The Best Watches of 2025—According to Haute Time Editors
While the end of each year brings the same sentiment this week (the disbelief that another year has passed so quickly), it still comes. So, as we reflect on 2025, which began with a bit of uncertainty amid the looming threat of tariffs and ended with several bangs, like our inaugural Miami Watch Summit, it was arguably one of the buzziest years for the industry. And though there were some insane timepieces that broke records and set new standards, ahead, the Haute Time team discloses the best watches of 2025. Spoiler alert: there’s a fan-favorite.
Adrienne Faurote, Haute Time Editor-in-Chief
For me, April is truly the New Year for watchmaking—which is most likely why many of my favorite timepieces for 2025 debuted at Watches & Wonders. To start, I’ll never forget where I was when Roger Federer accidentally–or purposefully, depending on who you asked—dropped the new Rolex Land-Dweller. With the anticipation building as I flew to Geneva, the Land-Dweller lived up to the hype, no doubt.

The Bvlgari Serpenti Aeterna is one of those watches that, once you try it on, you never stop thinking about it. I love the more geometric feel of this serpenti, stripped to its essence—no eyes, no scales, just pure geometry, yet still fitting the wrist like a proper second-skin jewelry novelty.

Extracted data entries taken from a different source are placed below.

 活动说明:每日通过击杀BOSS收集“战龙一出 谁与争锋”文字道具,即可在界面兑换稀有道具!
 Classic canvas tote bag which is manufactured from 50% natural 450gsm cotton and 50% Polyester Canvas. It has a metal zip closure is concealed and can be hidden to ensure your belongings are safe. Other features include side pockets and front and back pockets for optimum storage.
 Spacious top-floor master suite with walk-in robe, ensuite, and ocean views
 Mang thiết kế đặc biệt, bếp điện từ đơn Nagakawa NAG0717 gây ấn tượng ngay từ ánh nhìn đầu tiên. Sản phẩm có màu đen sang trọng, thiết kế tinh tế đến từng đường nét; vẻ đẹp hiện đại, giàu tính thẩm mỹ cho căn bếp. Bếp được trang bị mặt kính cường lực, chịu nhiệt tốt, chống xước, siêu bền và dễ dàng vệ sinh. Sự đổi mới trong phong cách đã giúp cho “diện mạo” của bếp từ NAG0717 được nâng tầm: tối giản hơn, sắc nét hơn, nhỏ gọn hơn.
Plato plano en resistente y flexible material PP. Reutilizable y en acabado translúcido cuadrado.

In true Hublot fashion, this one is a total wild card for me: the Big Bang MECA-10 Aspen One. This watch marks the third special edition timepiece in collaboration with Aspen Snowmass and was launched during Shaun White’s The Snow League’s inaugural competition weekend in Aspen. Perhaps it was wearing the watch against the backdrop of Ajax, or maybe it’s the incredibly modern feel of this watch’s evolution. Still, the Hublot Big Bang MECA-10 Aspen One is forever etched in my memory as a favorite.

Andre Frois, Haute Time Global Editor
With many brands releasing head-turners this past year that doubled up as statements of intent, 2025 was an unforgettable year for watchmaking.
Omega, for example, unveiled slimmer, improved versions of its revered Co-Axial Master Chronometer, in the form of seven new Dark Side of the Moon timepieces. Personally, I feel compelled to nab the fully blacked-out one, especially since they represent a new era in Omega’s chronometric technology.

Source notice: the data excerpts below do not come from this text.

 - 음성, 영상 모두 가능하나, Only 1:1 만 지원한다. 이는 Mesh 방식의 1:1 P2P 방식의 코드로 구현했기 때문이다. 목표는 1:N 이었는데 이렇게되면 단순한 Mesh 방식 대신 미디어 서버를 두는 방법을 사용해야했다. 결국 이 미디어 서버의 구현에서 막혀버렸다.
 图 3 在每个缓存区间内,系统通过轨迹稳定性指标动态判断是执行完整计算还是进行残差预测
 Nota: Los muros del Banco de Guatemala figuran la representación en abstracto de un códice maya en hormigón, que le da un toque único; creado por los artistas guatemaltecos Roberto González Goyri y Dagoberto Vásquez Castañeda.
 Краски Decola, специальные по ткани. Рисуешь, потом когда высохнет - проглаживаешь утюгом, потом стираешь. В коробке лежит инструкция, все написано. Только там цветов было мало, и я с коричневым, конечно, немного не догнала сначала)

I’ve been a devotee of Ulysse Nardin since meeting The Freak and photographing its jovial creator Ludwig Oechslin 15 years ago. At Dubai Watch Week 2025, Ulysse Nardin and independent titan Urwerk surprised us with a collab no one expected: The UR-FREAK, which combines Urwerk’s satellite display with Ulysse Nardin’s acclaimed silicon balance wheel and balance spring, and DIAMonSil escapement wheel and anchor.

In other news, while its sister brand Chopard bowled us over in Dubai with the Grand Strike, which is built based on Chopard’s award-winning Sound of Eternity trilogy, Ferdinand Berthoud unveiled a fusée chain timepiece crafted entirely by hand. To ensure that the Naissance d’une Montre 3 would be built without any influence of computer-aided design or even basic automation, Chopard emptied an entire section of its facility of all machinery.

Alex Teuscher, Haute Time Photographer
First, the Urban Jurgensen UJ-1. This is one of the standout brand relaunches in recent memory—everything about the UJ-1 is exceptional. And, the way the watch has been received [by the industry] says it all.

Next is the Ferdinand Berthoud Naissance d’un Montre 3—not only is this timepiece just beautiful visually, but the fact that the watch is entirely made by hand makes it an exceptional work of art.

And finally, the Jaeger-LeCoultre Reverso Tribute Small Seconds on the Milanese bracelet. For a watch that could have been visually too much, everything works together in perfect unison—and in a package that is near-perfect for elegant occasions.